EV開発プロジェクトについて(2011年2月定例会)

EV開発プロジェクトについて - 質問 -

最後に、EV開発プロジェクトについてお伺いいたします。

本年1月、私は経済企業委員会の県外視察にて、株式会社淀川製作所のあっぱれEVプロジェクトについてお話を伺ってまいりました。とても元気をいただきましたので、皆様に御紹介したいと思います。

同社のある大阪守口市は、高度経済成長期には松下電器産業や三洋電機といった家電メーカーの企業城下町として大いに栄えたものづくりの町であります。それは同時に、松下、三洋の2大企業と、それに連なる多くの中小企業、多くは町工場に支えられるという地場産業構造を形成し、行政的には長らく法人税に依存する財政構造にあったと言えます。

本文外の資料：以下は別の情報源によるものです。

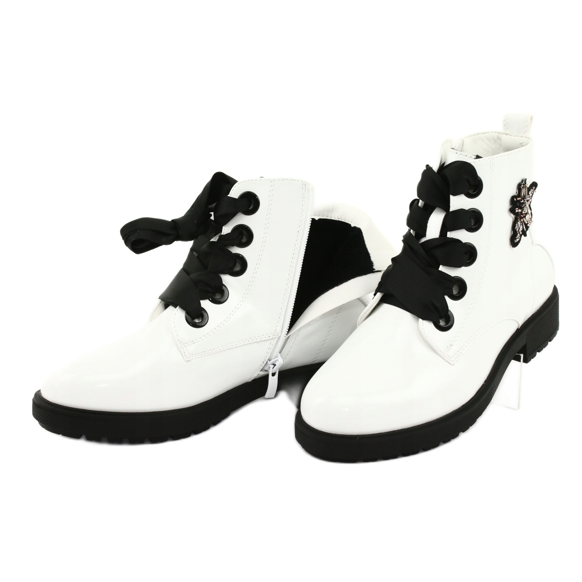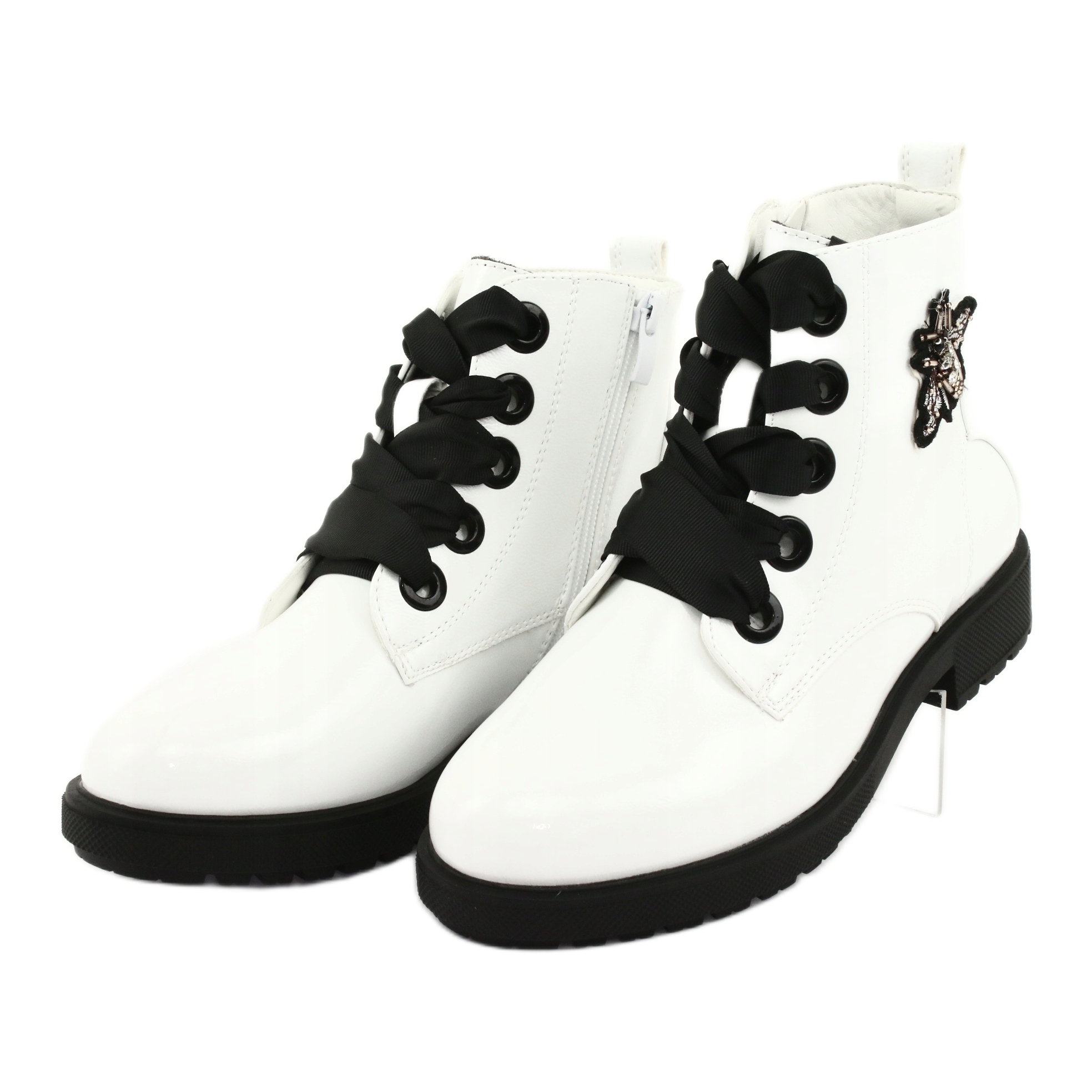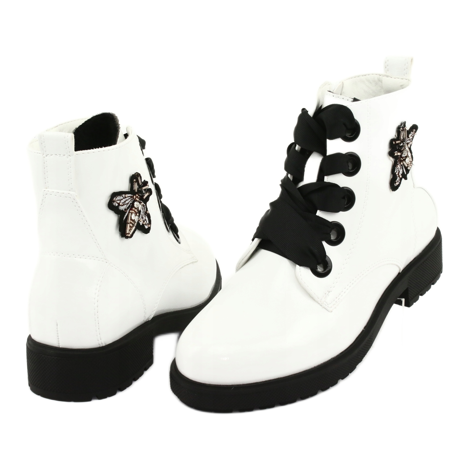 Botki lakierowane "Mucha" Sergio Leone 530 w białym i czarnym kolorze to doskonały wybór dla kobiet, które cenią sobie styl oraz komfort. Wykonane z wysokiej jakości ekologicznej skóry lakierowanej, zachwycają nie tylko estetyką, ale i funkcjonalnością. Dzięki modnym detalom w postaci stylowej muchy oraz subtelnych cyrkonii i dżetów, każdy krok w tych botkach przyciąga spojrzenia.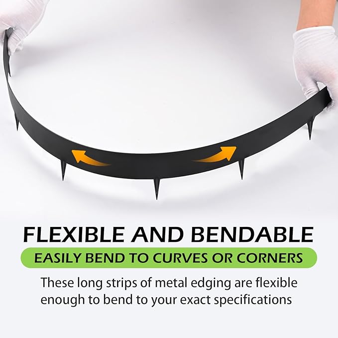 - Easy installation design: Steel landscape edging keep your micro-bark from washing off into the street during rain. Easy to pound into the ground. Easy to bend, hammer and adjust; NOTE: The top is polished, will not scratch the hand, but please put on gloves to avoid scratch. Support remolding.

やがて、1980年代から大手メーカーの生産拠点や部品製造部門が次々と海外へ移り、2009年12月には、ついにパナソニックと三洋が合併し、10兆円規模の世界企業となり、企業城下町守口市の産業は空洞化、ほとんど行き詰まってしまったのであります。ピーク時には、およそ72億円あった同市の法人市民税収は、2004年には最盛期の7割減にまで落ち込み、実質収支赤字となり、財政再建団体への転落の危機を迎えることとなったのであります。

株式会社淀川製作所のあっぱれEVプロジェクトは、まさにこうした危機的背景の中から生まれました。同社は、もともと金属加工、機械加工を中心とした部品製造業でしたが、下請受注が激減する中、このままではじり貧とばかり、同社の小倉庸敬社長は、下請から自社ブランドメーカーへの転身を心ひそかに模索し続けていたのでございます。そして、ちょうどそのころ、地元で開催された環境フォーラムに参加した小倉社長は、電気自動車に関する講演を聞いて、大変な衝撃を受けたそうであります。

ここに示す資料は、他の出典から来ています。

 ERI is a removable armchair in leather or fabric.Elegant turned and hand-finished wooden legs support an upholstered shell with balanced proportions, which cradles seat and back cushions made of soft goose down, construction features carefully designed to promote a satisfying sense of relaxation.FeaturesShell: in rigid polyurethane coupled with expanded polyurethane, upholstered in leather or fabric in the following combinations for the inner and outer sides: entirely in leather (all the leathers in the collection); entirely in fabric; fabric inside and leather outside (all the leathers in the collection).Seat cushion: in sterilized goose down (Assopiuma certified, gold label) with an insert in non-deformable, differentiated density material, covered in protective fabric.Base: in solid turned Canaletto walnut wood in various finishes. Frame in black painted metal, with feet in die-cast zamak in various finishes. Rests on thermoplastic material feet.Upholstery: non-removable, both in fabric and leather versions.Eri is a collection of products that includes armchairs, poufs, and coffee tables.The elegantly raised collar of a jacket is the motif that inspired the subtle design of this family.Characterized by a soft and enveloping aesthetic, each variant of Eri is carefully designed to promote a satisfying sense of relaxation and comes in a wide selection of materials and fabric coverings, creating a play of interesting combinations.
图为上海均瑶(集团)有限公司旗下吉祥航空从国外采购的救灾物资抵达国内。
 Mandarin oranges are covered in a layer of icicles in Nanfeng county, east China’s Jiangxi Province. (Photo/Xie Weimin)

それは、講師の次のセリフによってでありました。「電気自動車は簡単なんです。加工を除けば組み立てる場所があればいいし、部品が少ないから工程も少ない。その気になれば町工場でもできますよ。」、「簡単、町工場でも」という強烈なインパクトは、次の瞬間、「いける、これはいけるで」というインスピレーションに変わり、その年、プロジェクトを本格的にスタートさせることとなったのであります。

「家電の町に家電の自動車を走らせるんや」、閉塞感でいっぱいの大阪が元気になる花火を打ち上げたい。沈みそうな日本経済に、小さくても明かりをともしたい。ただ、その思いだけで始まったあっぱれEVプロジェクトでありましたが、その思いはいつしか多くの方々を巻き込み、社会的なプロジェクトとなっていったのであります。

当時のことを小倉社長は、光り輝く地獄の日々と名づけるほど、失敗と挫折の毎日だったそうですが、志を貫かれ、ついに2010年、あっぱれEVプロジェクトは、大阪の経済活性化に貢献した個人や団体を表彰する大阪商工会議所主催の大阪活力グランプリ2010において、見事グランプリに輝いたのであります。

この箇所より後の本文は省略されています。